## [Exercise]
Take the lines from the one containing "Desk majestic white" through the final line below and restate them exactly. Omit the pictures.

#### Data shown ####

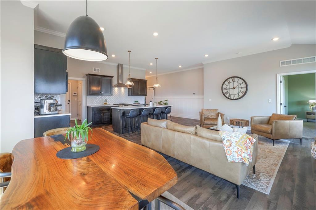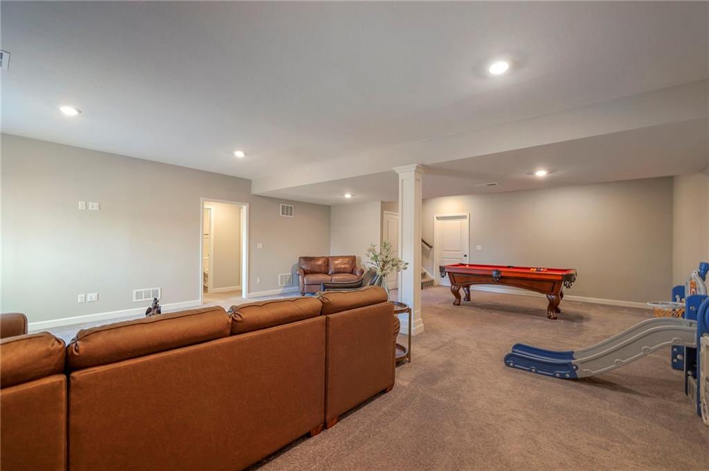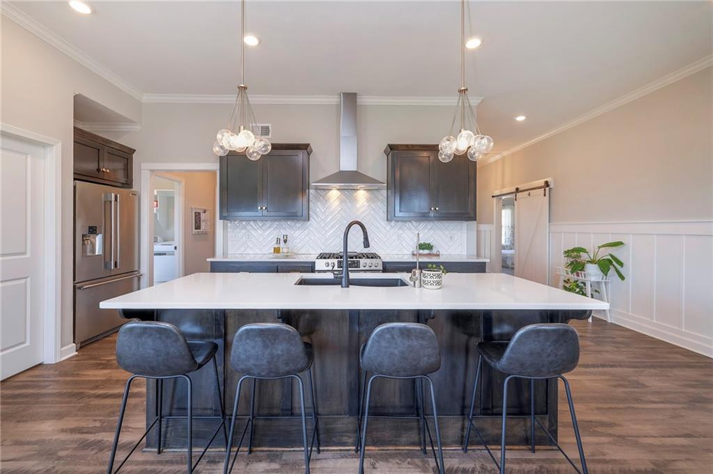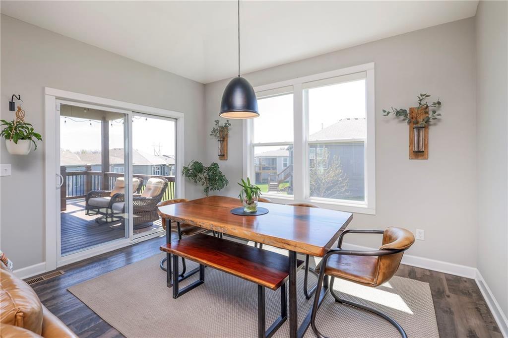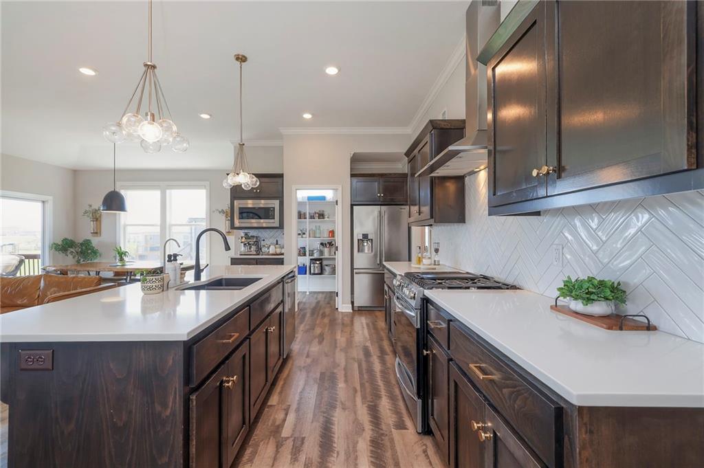 Welcome to effortless, care-free living in this beautifully designed, move-in ready home perfectly situated on a premium corner lot. From the moment you step inside, you'll appreciate the modern open layout, enhanced by engineered hardwood floors and wainscoting entry, upgraded finishes and fresh interior paint. The designer kitchen is truly the heart of the home, featuring custom cabinetry, a large center island, walk-in pantry, gas range and Frigidaire stainless steel appliances-all included. A charming coffee bar adds both function and style, making mornings something to look forward to. The spacious primary suite offers a relaxing retreat with a tray ceiling and large windows that fill the room with natural light, along with a custom tiled shower for a spa-like experience. Additional thoughtful touches include a stylish barn door, ceiling fans, faux wood blinds, upgraded front door, and a wrought iron fence. Cozy up by the gas fireplace with floor to ceiling stacked stone or step outside to enjoy the extra large covered composite covered 13' x 13' deck-perfect for entertaining or unwinding. The finished lower level, daylight basement, provides additional living space, an additional bedroom and full bath with plenty of unfinished storage space to do with what you would like, while the garage offers even extra storage for convenience. This home also includes an active radon mitigation system and a kitchen sink water filtration system for added peace of mind. Enjoy maintenance provided living with lawn care and snow removal for a mandatory $150/month. Community amenities are second to none, featuring a clubhouse, pool, playground, party room, and scenic walking trails. This home truly has it all-style, comfort, and convenience-ready for you to move right in and enjoy!! Why pay for new construction when you can everything you want right here. It's just waiting for you!
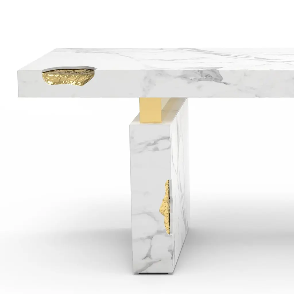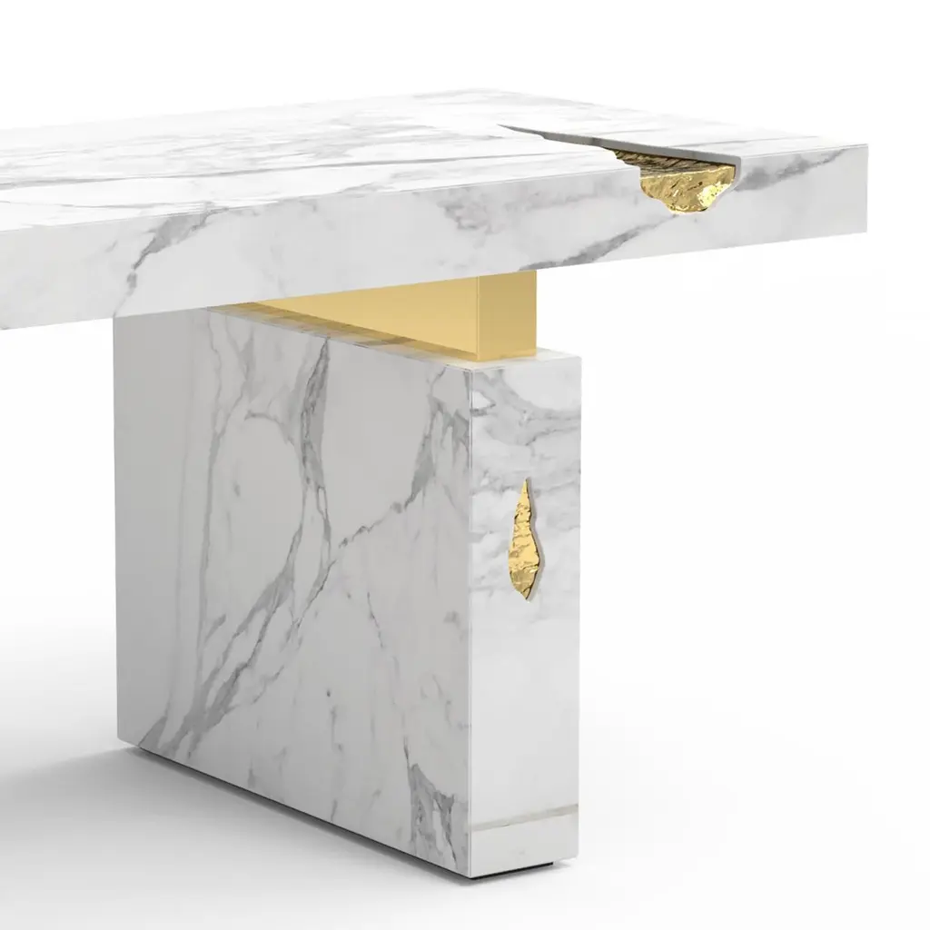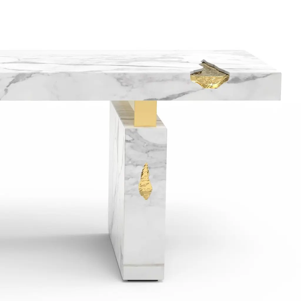 Desk majestic white with 2 bases and top in solidpolished Estremoz white marble with solid brass details in gold finish.
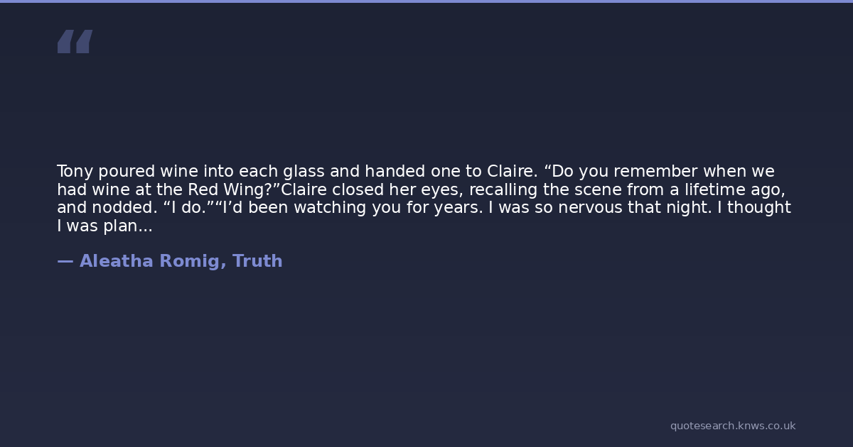 Tony poured wine into each glass and handed one to Claire. “Do you remember when we had wine at the Red Wing?”Claire closed her eyes, recalling the scene from a lifetime ago, and nodded. “I do.”“I’d been watching you for years. I was so nervous that night. I thought I was planning your acquisition.” He looked into his red liquid. Her stance straightened, “If you’re using business metaphors, may I suggest hostile takeover. It’s more appropriate.
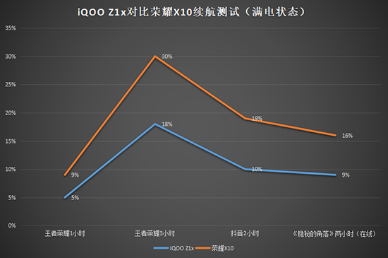 而在實(shí)際測試中,如下圖所示,在iQOO Z1x和榮耀X10滿電狀態(tài)下,同時(shí)玩一個(gè)小時(shí)《王者榮耀》后,iQOO Z1x僅消耗5%的電量,榮耀X10消耗9%的電量,同時(shí)玩3個(gè)小時(shí)《王者榮耀》后,iQOO Z1x僅消耗18% 的電量,榮耀X10則消耗30%的電量,在刷一小時(shí)抖音之后,iQOO Z1x消耗10%的電量,榮耀X10消耗19%的電量,在線看兩個(gè)小時(shí)的《隱秘的角落》之后,iQOO Z1x消耗了9% 的電量,榮耀X10消耗了16% 的電量。

####

## [Answer box]
 Desk majestic white with 2 bases and top in solidpolished Estremoz white marble with solid brass details in gold finish.
 Tony poured wine into each glass and handed one to Claire. “Do you remember when we had wine at the Red Wing?”Claire closed her eyes, recalling the scene from a lifetime ago, and nodded. “I do.”“I’d been watching you for years. I was so nervous that night. I thought I was planning your acquisition.” He looked into his red liquid. Her stance straightened, “If you’re using business metaphors, may I suggest hostile takeover. It’s more appropriate.
 而在實(shí)際測試中,如下圖所示,在iQOO Z1x和榮耀X10滿電狀態(tài)下,同時(shí)玩一個(gè)小時(shí)《王者榮耀》后,iQOO Z1x僅消耗5%的電量,榮耀X10消耗9%的電量,同時(shí)玩3個(gè)小時(shí)《王者榮耀》后,iQOO Z1x僅消耗18% 的電量,榮耀X10則消耗30%的電量,在刷一小時(shí)抖音之后,iQOO Z1x消耗10%的電量,榮耀X10消耗19%的電量,在線看兩個(gè)小時(shí)的《隱秘的角落》之后,iQOO Z1x消耗了9% 的電量,榮耀X10消耗了16% 的電量。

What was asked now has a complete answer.